| Stored data |
★ ★ ★ ★ ★

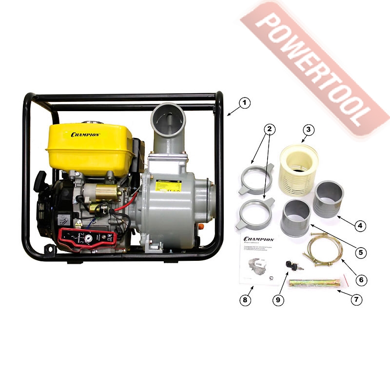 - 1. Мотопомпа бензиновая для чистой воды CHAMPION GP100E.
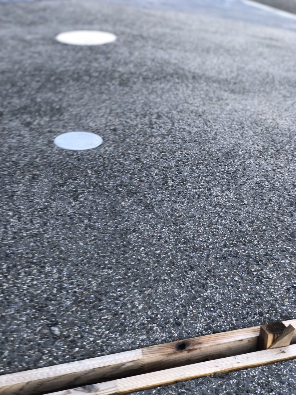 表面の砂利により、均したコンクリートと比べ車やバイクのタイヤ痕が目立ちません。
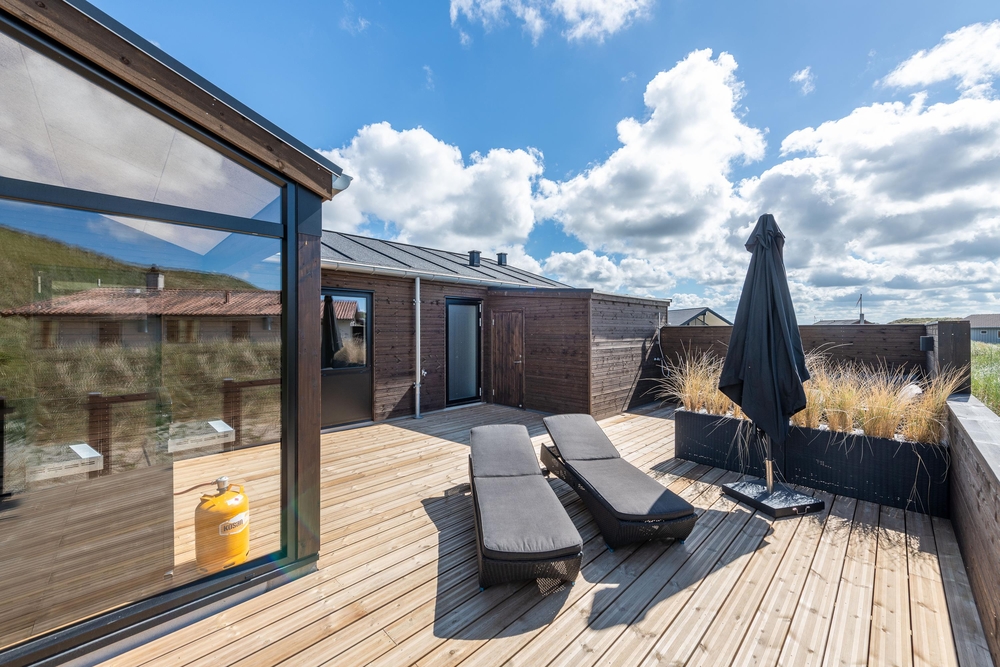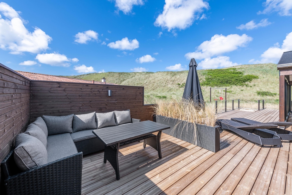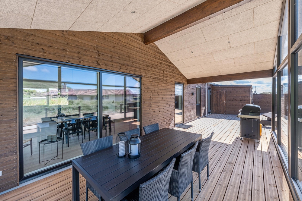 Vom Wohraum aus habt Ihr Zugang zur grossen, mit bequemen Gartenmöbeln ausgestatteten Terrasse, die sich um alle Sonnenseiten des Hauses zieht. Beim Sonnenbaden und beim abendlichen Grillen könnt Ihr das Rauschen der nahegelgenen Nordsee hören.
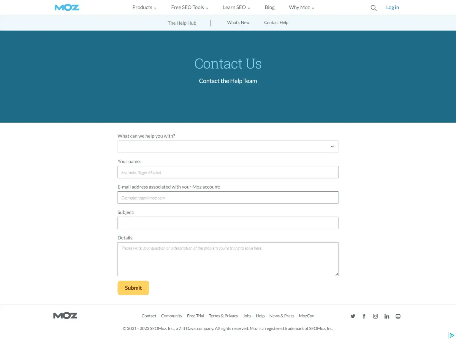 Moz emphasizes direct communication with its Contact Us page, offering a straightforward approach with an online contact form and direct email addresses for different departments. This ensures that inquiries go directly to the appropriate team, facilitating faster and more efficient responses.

★ ★ ★ ★ ★

| The problem |
Without the pictures, print the whole listing exactly as given.

| Response |
 - 1. Мотопомпа бензиновая для чистой воды CHAMPION GP100E.
 表面の砂利により、均したコンクリートと比べ車やバイクのタイヤ痕が目立ちません。
 Vom Wohraum aus habt Ihr Zugang zur grossen, mit bequemen Gartenmöbeln ausgestatteten Terrasse, die sich um alle Sonnenseiten des Hauses zieht. Beim Sonnenbaden und beim abendlichen Grillen könnt Ihr das Rauschen der nahegelgenen Nordsee hören.
 Moz emphasizes direct communication with its Contact Us page, offering a straightforward approach with an online contact form and direct email addresses for different departments. This ensures that inquiries go directly to the appropriate team, facilitating faster and more efficient responses.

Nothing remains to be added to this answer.